Стояли скверные дни. Давно уже мы не видели ни одного клочка голубого неба… Грузные серые тучи медленно как армия чудовищных амфибий плыли с севера на юг, оставляя студенистые обрывки своего то и дело меняющего контуры тела на вершинах холмов… Туманы из лощин ползли по скатам; затерявшиеся во мгле редуты казались кораблями, одиноко застоявшимися среди океана… Беззвёздные ночи, безлунные небеса… Под ногами — слякоть, вверху — дождь… Одичавший от скуки и от безвременья ветер кидался как бешеный в убогие лагери, в сожжённые на костры деревни, разнося с полей недавних битв вместе со смрадом гниющих тел голодную заразу, алчности которой не могли насытить сотни таких же заморённых среди слякоти и непогоды госпиталей… Землянки казались дворцами, клочок сухой земли для ночлега — царскою роскошью… Сегодня то же, что вчера; завтра то же, что сегодня… Пили гнилую воду, ели падаль… По дорогам тухли трупы коней. Мириады вороньих стай одни праздновали среди голых полей торжество людской злобы и безумия… Сытые чёрные птицы лениво сидели на холмах. Потерявшие хозяев собаки по самую шею погружали морды в окровавленную падаль… По утрам, выходя из землянки, мы окидывали небеса жадными взглядами, но увы! — синевы не было нигде: та же бесчисленная армия чудовищных амфибий ползла на юг… Хотелось солнца, света, тепла!.. Как понятны нам были тогда страдания путешественников, затерянных среди угрюмых ледяных пустырей полярного края… Но им по ночам мерещились сполохи, им сияли золотые звёзды, месяц обливал их холодную пустыню своим серебряным блеском… У нас же были только одни однообразные вечные тучи…
В один из таких дней к нам вернулись из больниц несколько раненых, чудом выздоровевших среди тифозного царства. Пошли расспросы. О ком ни полюбопытствуешь — стереотипный ответ: умер, отправлен в Россию полумёртвым. Иногда разнообразилось: умер под ножом хирурга, умер в арбе на тряской дороге. Всё до того было пропитано гангреной — и воздух самый, — что самые пустые операции оканчивались смертью. Какой-то доктор повесился, сознавая своё бессилие бороться с болезнями и недугами… Другой во время боя нарочно бросился в свалку и был убит…

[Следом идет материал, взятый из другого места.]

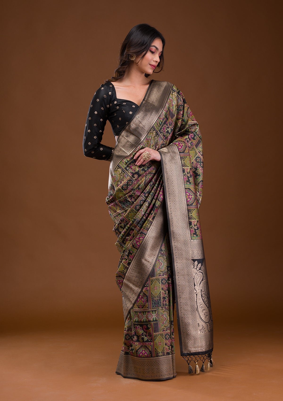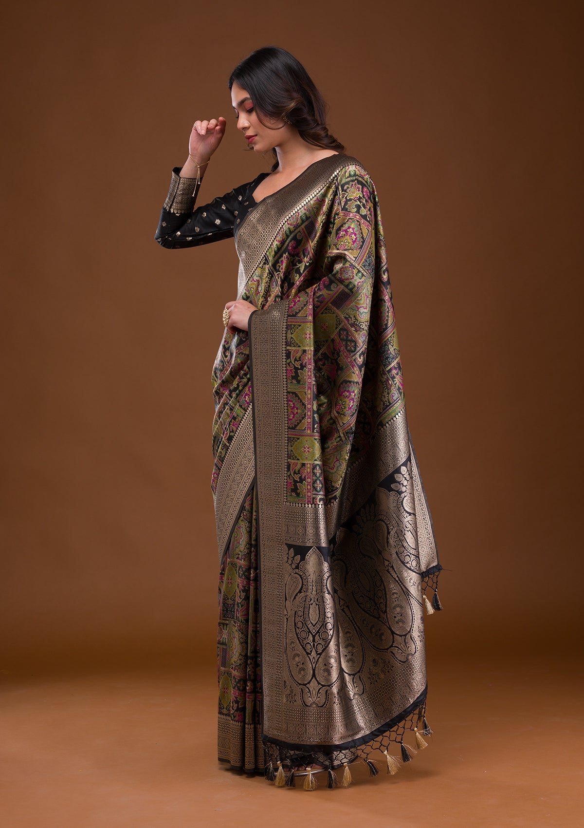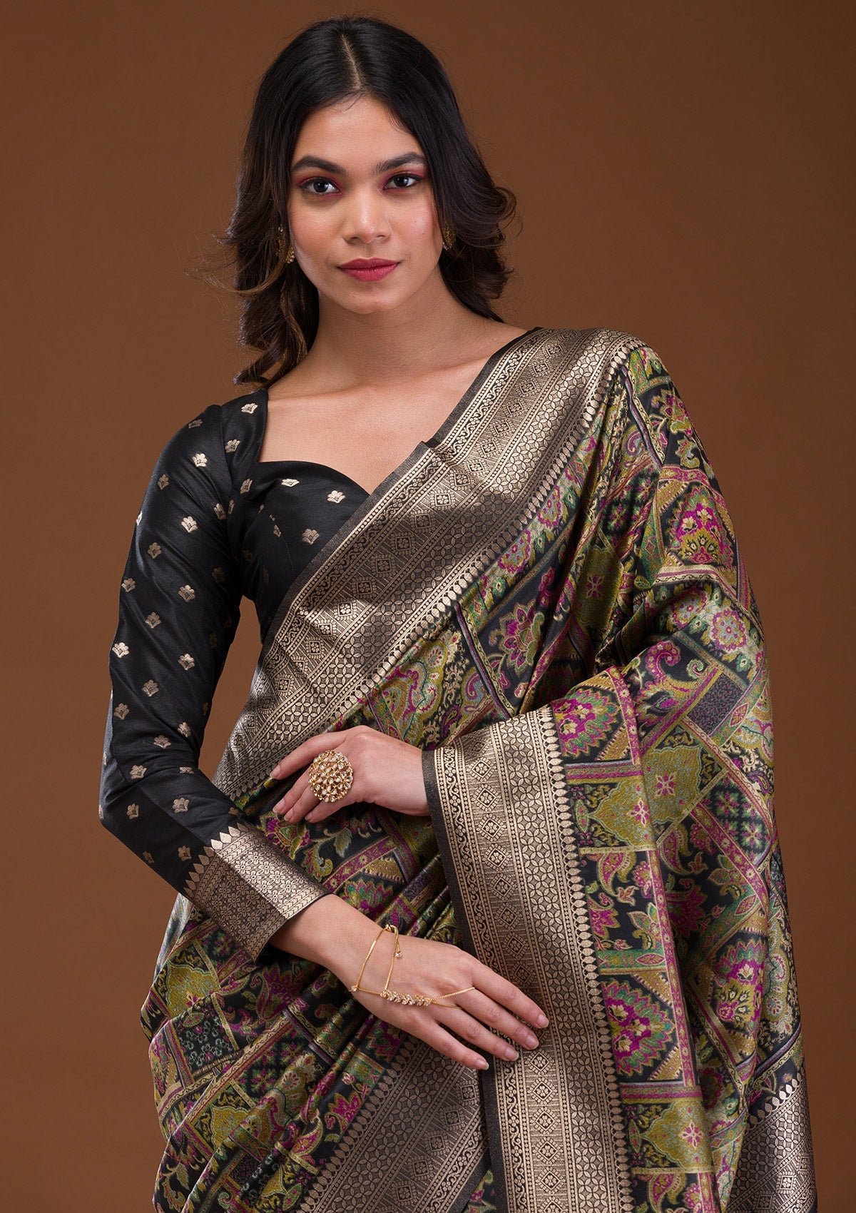 Elegant Black Banarasi Silk Saree with Exquisite Zariwork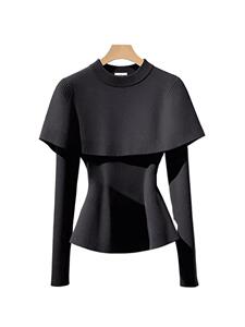 斗篷披肩修身收腰针织衫毛衣美拉蓝色女2025早秋季新款设计感上衣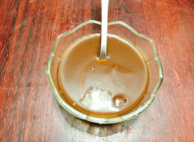 - Bước 4: Bạn cho nước cốt me vào bát con, thêm đường và nước sau đó khuấy đều cho đuuờng tan hết, chúng ta được hỗn hợp nước sốt me.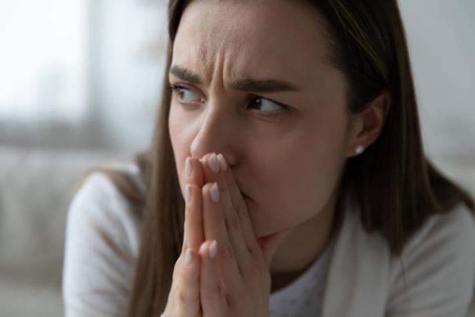 žena koja pati sedi na kauču sa zagrljenim jastukom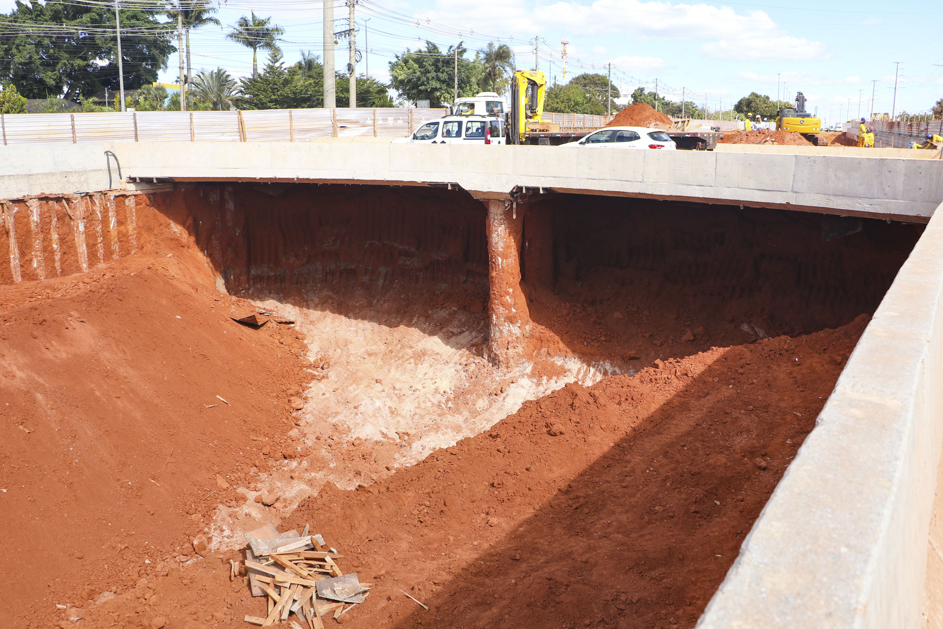 As obras do Complexo Viário do Jardim Botânico, na altura do km 27,2 da DF-001, estão em ritmo acelerado. Por trás dos tapumes, colocados para garantir a segurança da população durante a execução do projeto, estruturas de contenção estão sendo colocadas nas áreas escavadas. Paralelamente a isso, nos pontos mais avançados está sendo feita a projeção do concreto. O investimento do Governo do Distrito Federal (GDF) na obra é de R$ 33,5 milhões.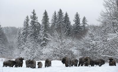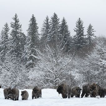 Het reservaat neemt deel aan een herintroductieprogramma voor Europese bizons, waarbij de lokale kudde in 2013 groeide tot 84 kalveren in de gemengde bosomgeving.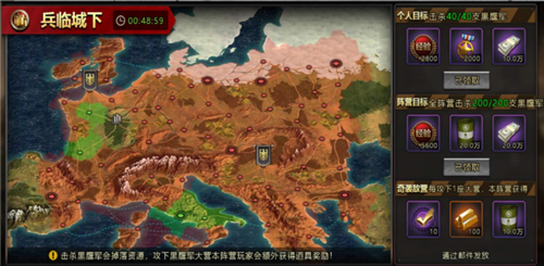 这个国战项目开始后,除了三个阵营的主城和巴黎,全地图都将变成黑鹰军的天下且有迷雾。玩家只能从自己的主城和巴黎开始往外打城,奖励分为个人目标、阵营目标和奇袭敌营三种,击杀黑鹰军头目也可获得黑鹰宝箱,可开出银票、锤子、研发许可和朗姆酒等奖励。其中个人目标和阵营目标都比较好完成,这场国战的关键是奇袭敌营。整场国战一共会刷出三座黑鹰军大营,出现地点随机,那么如何才能更大概率的攻打大营呢?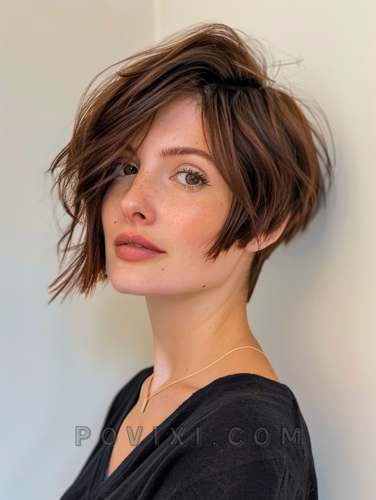The asymmetrical pixie bob is a classic style with a modern twist. This cut features a longer length on one side, creating a chic and elegant look. It’s perfect for round faces and oval faces, as it adds a touch of sophistication and helps frame the face beautifully.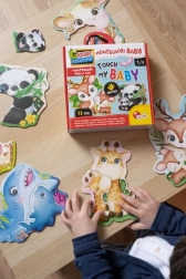Dotykowa gra specjalnie stworzona dla małych dzieci. Chropowata powierzchnia zwierzątek pomaga maluchom zacząć rozpoznawać dotykiem! Połącz mamę z młodym. Gra zawiera 24 elementy. Tego typu gry Montessori pomagają dzieciom uczyć się w zabawny i skuteczny sposób, z wykorzystaniem wszystkich zmysłów. Odpowiednie dla dzieci od 1 roku.

— Одни сёстры милосердия не теряют энергии… Одни они заботятся, не складывая рук… Одни они умеют вырывать у смерти её уже намеченные жертвы, — сообщали нам.
Странное дело! — о сестре Васильевой я было совсем забыл уже, но достаточно было этих нескольких слов, чтобы на меня точно издалека взглянули глубокие, крупные серые глаза… Где же ей, больной, худенькой, маленькой, с её кашлем, с её хриплым дыханием, с её слабыми ногами и впалою грудью, выдержать этот ад, в котором гибли тысячи сильных?!. Верно, уже давным-давно эти худенькие руки с костяшками крест-накрест сложились на её груди, и сама она, заняв только часть большого для неё гроба, улеглась далеко-далеко под сырую землю чуждого ей края… Поди, теперь уже не бьётся приветом и ласкою на чужое страдание большое сердце маленькой женщины — успокоилось, навеки замолкло, не знавшее отдыха!..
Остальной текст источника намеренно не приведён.